Fast divide-and-conquer algorithm for evaluating polarization in classical force fields.

Evaluation of the self-consistent polarization energy forms a major computational bottleneck in polarizable force fields. In large systems, the linear polarization equations are typically solved iteratively with techniques based on Jacobi iterations (JI) or preconditioned conjugate gradients (PCG). Two new variants of JI are proposed here that exploit domain decomposition to accelerate the convergence of the induced dipoles. The first, divide-and-conquer JI (DC-JI), is a block Jacobi algorithm which solves the polarization equations within non-overlapping sub-clusters of atoms directly via Cholesky decomposition, and iterates to capture interactions between sub-clusters. The second, fuzzy DC-JI, achieves further acceleration by employing overlapping blocks.

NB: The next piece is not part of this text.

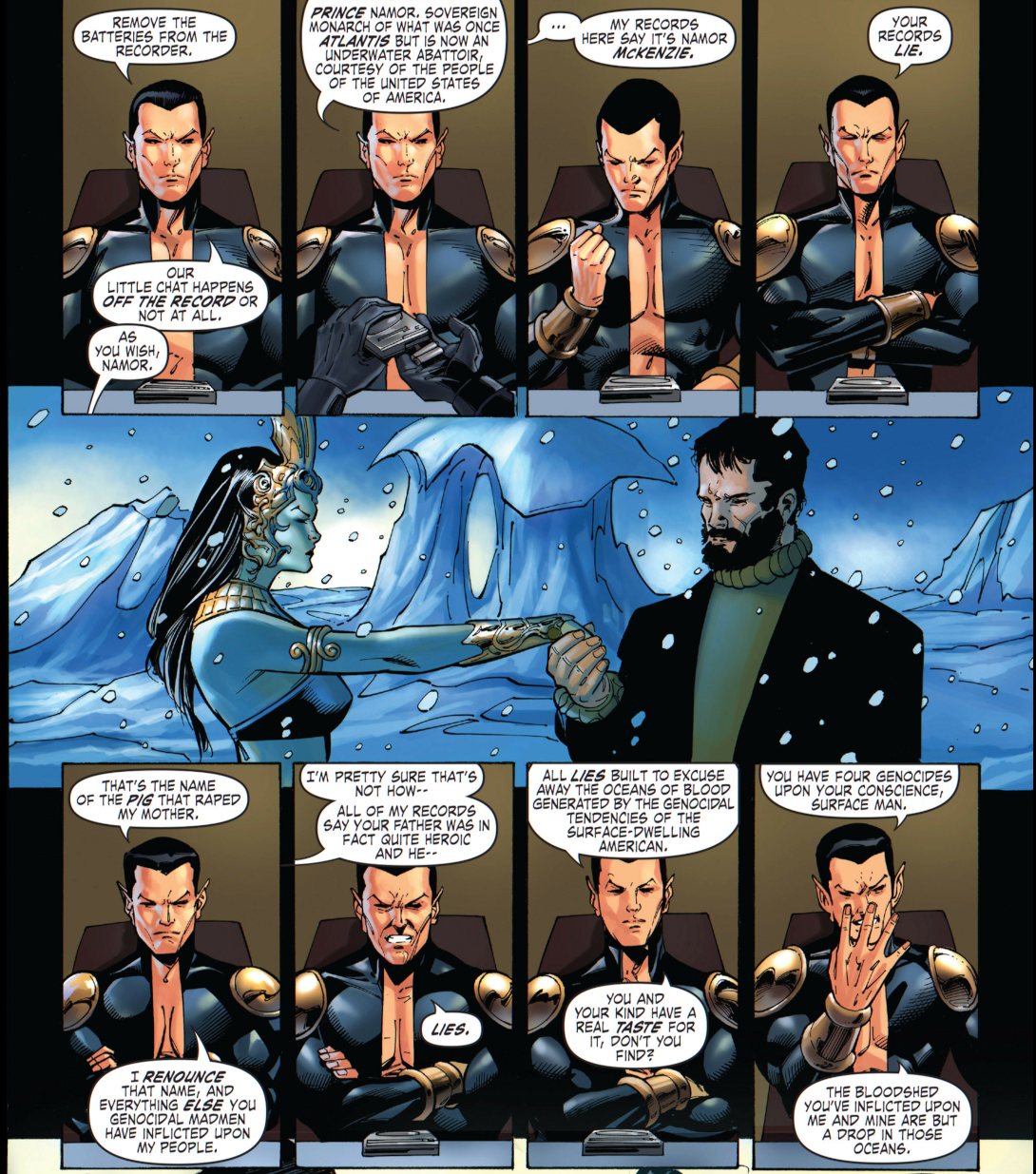 The issue retcons Namor’s origin so that instead of his Atlantean mother falling in love with his human father, McKenzie is actually a rapist who impregnated Namor’s mother before the Atlanteans could rescue her. That Namor believes this to be true makes quite a bit of sense as it explains Namor’s endless war against the surface world.

Fuzzy DC-JI is analogous to an additive Schwarz method, but with distance-based weighting when averaging the fuzzy dipoles from different blocks. Key to the success of these algorithms is the use of K-means clustering to identify natural atomic sub-clusters automatically for both algorithms and to determine the appropriate weights in fuzzy DC-JI. The algorithm employs knowledge of the 3-D spatial interactions to group important elements in the 2-D polarization matrix. When coupled with direct inversion in the iterative subspace (DIIS) extrapolation, fuzzy DC-JI/DIIS in particular converges in a comparable number of iterations as PCG, but with lower computational cost per iteration. In the end, the new algorithms demonstrated here accelerate the evaluation of the polarization energy by 2-3 fold compared to existing implementations of PCG or JI/DIIS.